The authors would like to thank J. K. Pritchard, M. E. Hurles, J. W. Belmont, and R. E. Green for insightful discussions. The authors would like to thank the Genome Aggregation Database (gnomAD) and the groups that provided exome and genome variant data to this resource. A full list of contributing groups can be found at The DDD study presents independent research commissioned by the Health Innovation Challenge Fund (grant number HICF-1009-003), a parallel funding partnership between Wellcome and the Department of Health, and the Wellcome Sanger Institute (grant number WT098051). The views expressed in this publication are those of the authors and not necessarily those of Wellcome or the Department of Health. The study has UK Research Ethics Committee approval (10/H0305/83, granted by the Cambridge South REC, and GEN/284/12 granted by the Republic of Ireland REC). The research team acknowledges the support of the National Institute for Health Research, through the Comprehensive Clinical Research Network. L.S., S.R.P., Y.L. and X.L. were partially supported by R01GM110240 from the National Institute of General Medical Sciences and National Science Foundation (grant number CNS-1747783, CNS-1624782, and OAC-1229576).

Author information

K.K.F., L.S., H.G., S.R.P., and J.F.M. designed the study and wrote the manuscript. L.S., S.R.P., Y.L., N.F., J.H., A.D., J.S., J.X., S.B., X.L., and K.K.F. performed the deep learning analysis. H.G., J.F.M., L.S., S.R.P., J.A.K., and K.K.F. performed the genetics analysis. L.S. and H.G. are co-first authors.

Correspondence to Kyle Kai-How Farh.

Ethics declarations

Competing interests

Authors with Illumina affiliations were employees of Illumina, Inc., at the time of this work.

Additional information

Publisher’s note: Springer Nature remains neutral with regard to jurisdictional claims in published maps and institutional affiliations.

Integrated supplementary information

Supplementary Figure 1 Expected missense:synonymous ratios across the human allele frequency spectrum in the absence of purifying selection.

Shaded gray bars represent the number of synonymous variants, and dark green bars represent the number of missense variants. The dotted line shows the baseline formed by synonymous variants. Missense:synonymous ratios are indicated for each allele frequency category.
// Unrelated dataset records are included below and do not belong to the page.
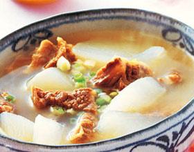排骨汤原料:猪小排骨150克,黄豆芽、嫩豆腐各100克,色拉油15克,葱段、精盐、姜片、味精、胡椒粉各适量。
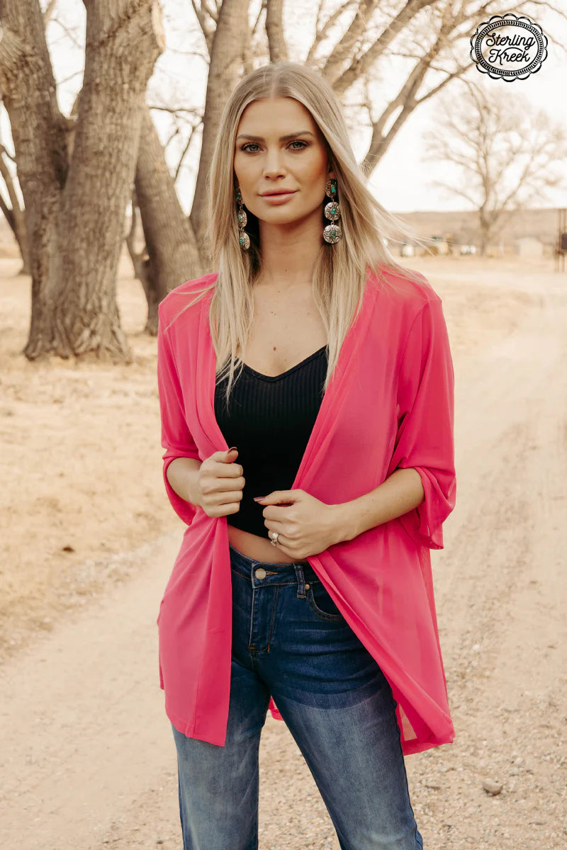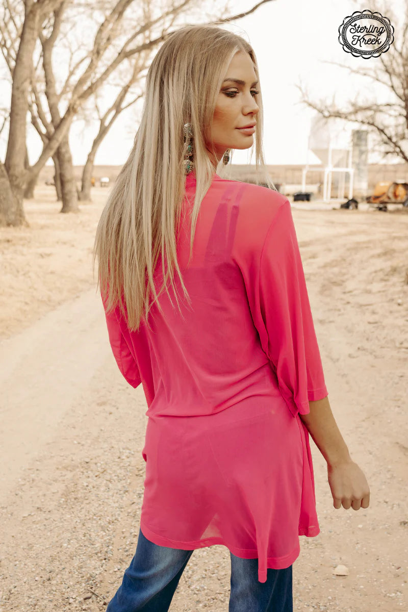 Be the standout in this Rosa Kreek Cardigan! Perfect for any event, this pink mesh cardigan will bring a bit of pizzazz into your wardrobe. With its fun, flowy fit, it's sure to turn heads - so get ready for compliments to come a-knockin'!
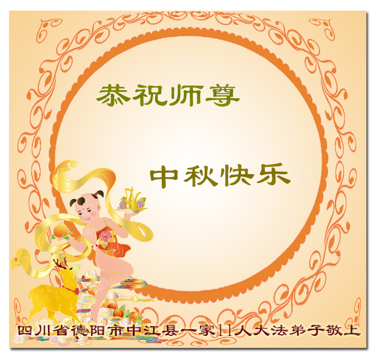 每逢佳节倍思亲,濮阳地区全体大法弟子遥祝师尊中秋节快乐!叩拜师尊!期盼早日能和师尊团聚! 四川省德阳市中江县一家11人大法弟子恭祝慈悲伟大的师尊中秋节快乐!
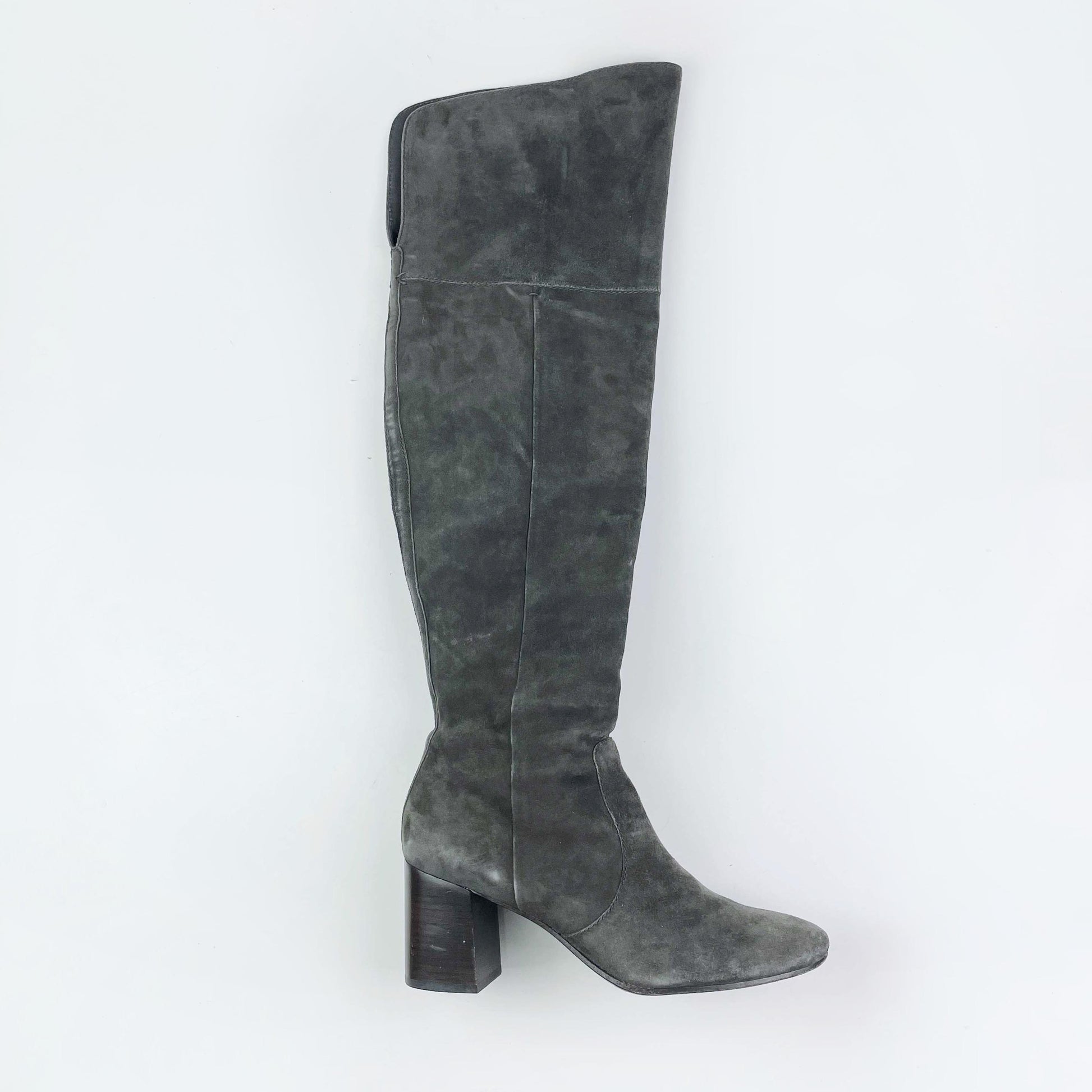 frye the clara grey suede over the knee heeled boots - size 9.5
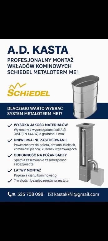 A.D. KASTA oferuje profesjonalny montaż stalowych wkładów kominowych w powiecie ostrołęckim i okolicach. Wykorzystujemy stal kwasoodporną 1.4404 oraz systemy Schiedel ME1, które gwarantują odporność na wysokie temperatury, korozję i działanie kondensatu. Montujemy wkłady okrągłe i owalne, precyzyjnie dopasowane do istniejących przewodów kominowych. Nasze realizacje wyróżniają się szczelnością, estetyką i trwałością. Dzięki dokładnemu montażowi Twój system grzewczy pracuje bezpiecznie, efektywnie i bez ryzyka cofania spalin. Wybierz solidne wykonanie, które zapewni spokój i bezpieczeństwo na wiele sezonów.
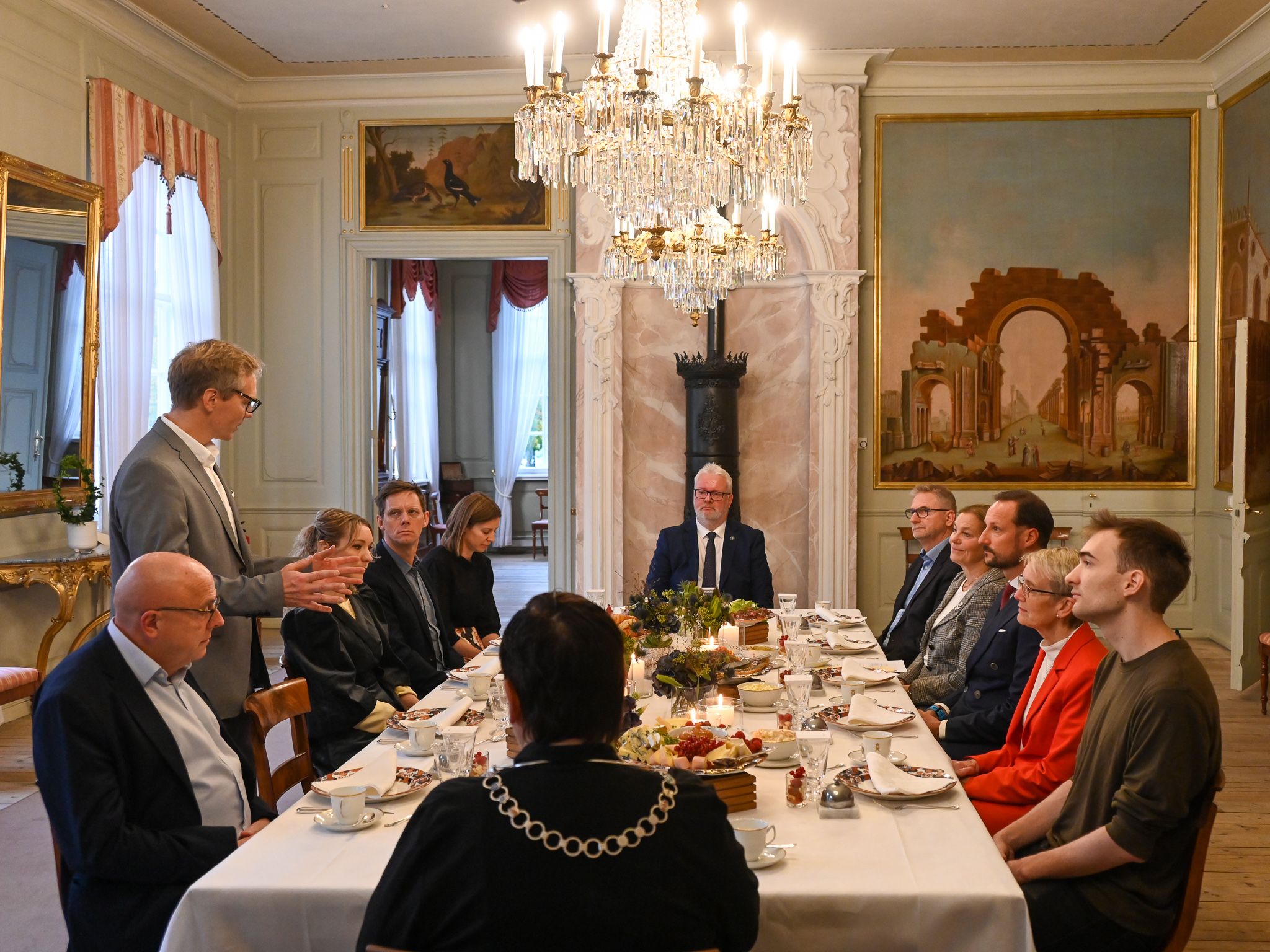 Mens frokosten ble servert, inviterte Kronprinsen gjestene til å ta ordet og kommentere hvordan ulike miljøer i Trondheim samarbeider om innovasjon og teknologi, og særlig på området kunstig intelligens og generell digital innovasjon.
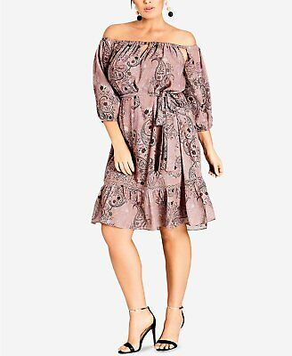 Designed with a romantic off-the-shoulder neckline, this printed plus size dress from City Chic features keyholes at the neckline and a crochet inset at the hem. Knee length: approx. 35-1/2 long Off-the-shoulder neckline; pullover styling Cutouts at neckline; self-tie at waist; crochet inset at hem 3/4-sleeves Please note that this item has International Sizing. Please see US Sizing Conversions noted here that will appear on the merchandise tag when received: 14W= XS, 16W = S, 18W = M, 20W= L, 22W, = XL, 24W = XXL. ABOUT THE BRAND: City Chic is a premium Australian fashion brand dedicated to leading a world of curves through bold, sexy, glam & chic fashion. Cut for an hourglass figure to conceal & reveal in all the right places. Polyester; lining: polyester; trim cotton Machine washable Imported

The expected missense and synonymous counts in each allele frequency category were calculated by taking intronic variants from the ExAC/gnomAD dataset consisting of 123,136 exomes and using them to estimate the fraction of variants expected to fall into each of the four allele frequency categories, based on the trinucleotide context of the variant, which controls for mutational rate and GC bias in gene conversion.

Supplementary Figure 2 Missense:synonymous ratios for CpG and non-CpG variants.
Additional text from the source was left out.